17 February 2015

a few beaujolais debuts


Tasting new releases with my favorite Beaujolais producers is often kind of embarrassing. After saying hello and getting the usual optimistic, yet gnomic replies about the character of the vintage, I run out of material. With people like Georges Descombes, Jean Foillard, Jean-Claude Chanudet, Matthieu Lapierre, etc., just about every wine is so reliably, resoundingly delicious that it's hard to think of anything interesting to say about them. More bloody wonderful life-quenching Gamay, eh? Shocker.

I adore the wines of Beaujolais more than almost any others. But finding reasons to write about them is damnably rare. At La Dive Bouteille this year there were at least three: an old-vine Morgon from Descombes' son Kevin, an extremely-limited production Chénas by Karim Vionnet, and the promising Morgons of Anthony Thevenet.


Kevin Descombes, whose first Beaujolais Nouveau in 2013 was among my favorites of the vintage, debuted an old-vine Morgon from a 1h30 granite soil parcel just outside the family residence. The 2013 showed a coltish grace, with energetic tannins, peppery red fruit, and perhaps a touch more polish than is typical in the wines of Descombes père.


To be entirely truthful, Karim Vionnet's Chénas is more new-to-me than truly new. He tells me he made a vanishingly small quantity in 2013 as well. The vines for this cuvée derive from La Chappelle de Guinchay, closer to the Beaujolais-Villages zone than to the town of Chénas; the parcel shares the latter's sandy soil, but it's thicker there than in Chénas. Vionnet's Chénas, tasted brut de cuve, was brightly floral, with a high-toned voluptuousness that scanned as more feminine than his grapey Moulin-à-Vent, and less wirey than my perennial favourite among his wines, his Beaujolais-Villages "Cuvée Speciale."

The Chénas was a standout in a range of wines that, overall, were much improved over the last few vintages. For me, Vionnet's 2011-2013's felt inconsistent, lacking the focus of previous years. These were mild vintages, to be sure. But I suspect what I was tasting was the winemaker's negotiations with sulfur-free winemaking. Vionnet now affirms that as of 2014, he's been using 1g of sulfur at bottling, where previously only his special ordered bag-in-box cuvées saw sulfur use. Having tasted the before and after, I have to consider this a case of going one step back in order to take two steps forward. The wines are better than ever, and, in the ideological context of La Dive Bouteille, Vionnet deserves credit for his honesty.

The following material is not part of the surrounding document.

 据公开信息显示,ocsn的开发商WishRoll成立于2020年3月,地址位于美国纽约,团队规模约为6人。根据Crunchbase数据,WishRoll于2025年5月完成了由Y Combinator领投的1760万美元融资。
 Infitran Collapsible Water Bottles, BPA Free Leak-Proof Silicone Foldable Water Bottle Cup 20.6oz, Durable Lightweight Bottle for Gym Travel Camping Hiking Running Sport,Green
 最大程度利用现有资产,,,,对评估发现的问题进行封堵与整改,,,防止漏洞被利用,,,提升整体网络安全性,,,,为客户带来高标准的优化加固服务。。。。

Anthony Thévenet, it must first be noted, is no relation to any of the region's famous Thévenets - not Jean-Paul, nor his son Charly, not even Gauthier and Jean Thévenet of Domaine de la Bongran. Anthony Thévenet inherited his vines in Morgon from his grandfather, and trained with Jean Foillard and Georges Descombes before starting to bottle his own wines in 2013.


The 2014 Morgon brut de cuve showed a bit one-note when I encountered it. But the fine-grained fruit on the nose of the delicious 2013 bodes well for both wines, as do the supple matte tannins they share. Also of interest was Thévenet's Morgon Vieilles Vignes, made from vines over a century old, grafted with vitis riparia. Compared to the two other Morgons, it scanned as a little dense and austere, but I look forward to retasting it in a year or two.

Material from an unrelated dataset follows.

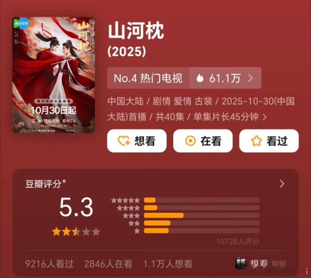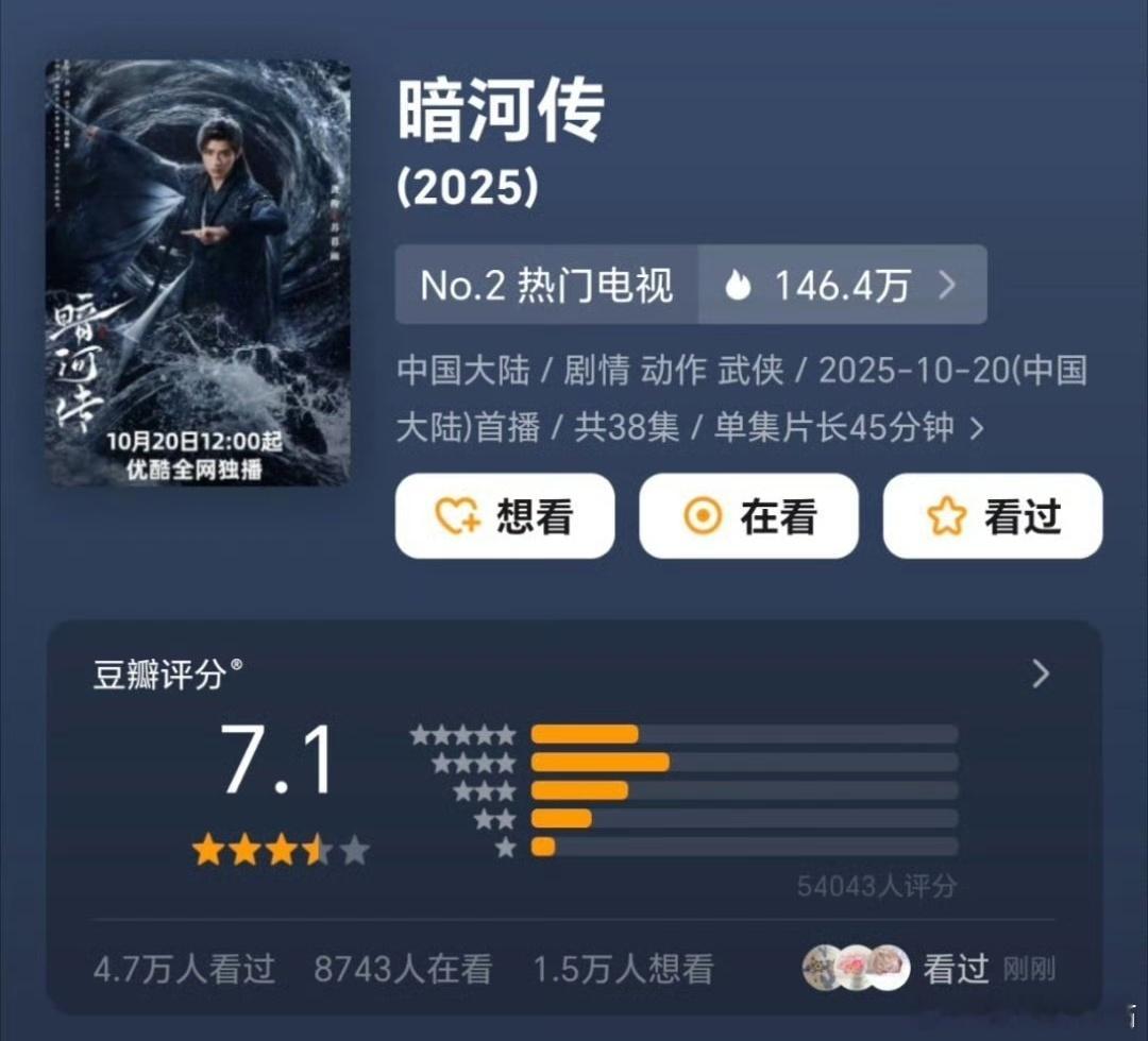 近期三部古装开分,《暗河传》龚俊,7.1分《水龙吟》罗云熙,5.7分《山河枕》宋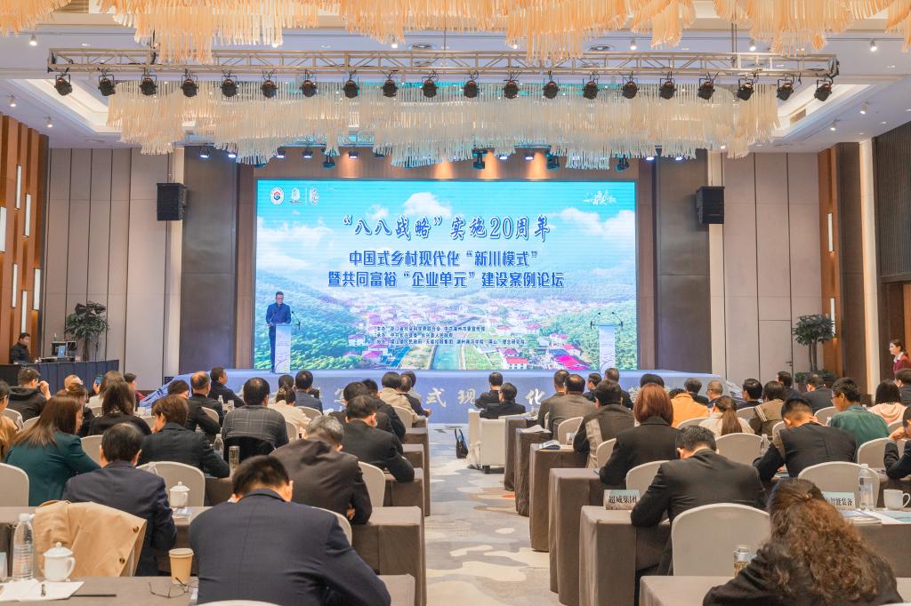 浙江省社科联党组书记郭华巍在致辞中就全面探讨推进中国式乡村现代化的路径和模式,主要提出三点要求:一要在守正创新上下功夫,创造出更多“新川模式”;二要在深入研究上下功夫,形成一系列“硬核成果”;三要在宣传转化上下功夫,推动理论研究“开花结果”。

Speaking of ancient vines: alongside these nouveautés I tasted an interesting cuvée that was sort of the opposite of a debut: an adieu. Georges Descombes' 2011 Morgon "Vermont" is made from 100 year old vines the winemaker ripped out and replanted in 2012. It's a time-capsule wine, strangely light in colour, with tense acid and a long herbaceous character, the vines' last hurrah.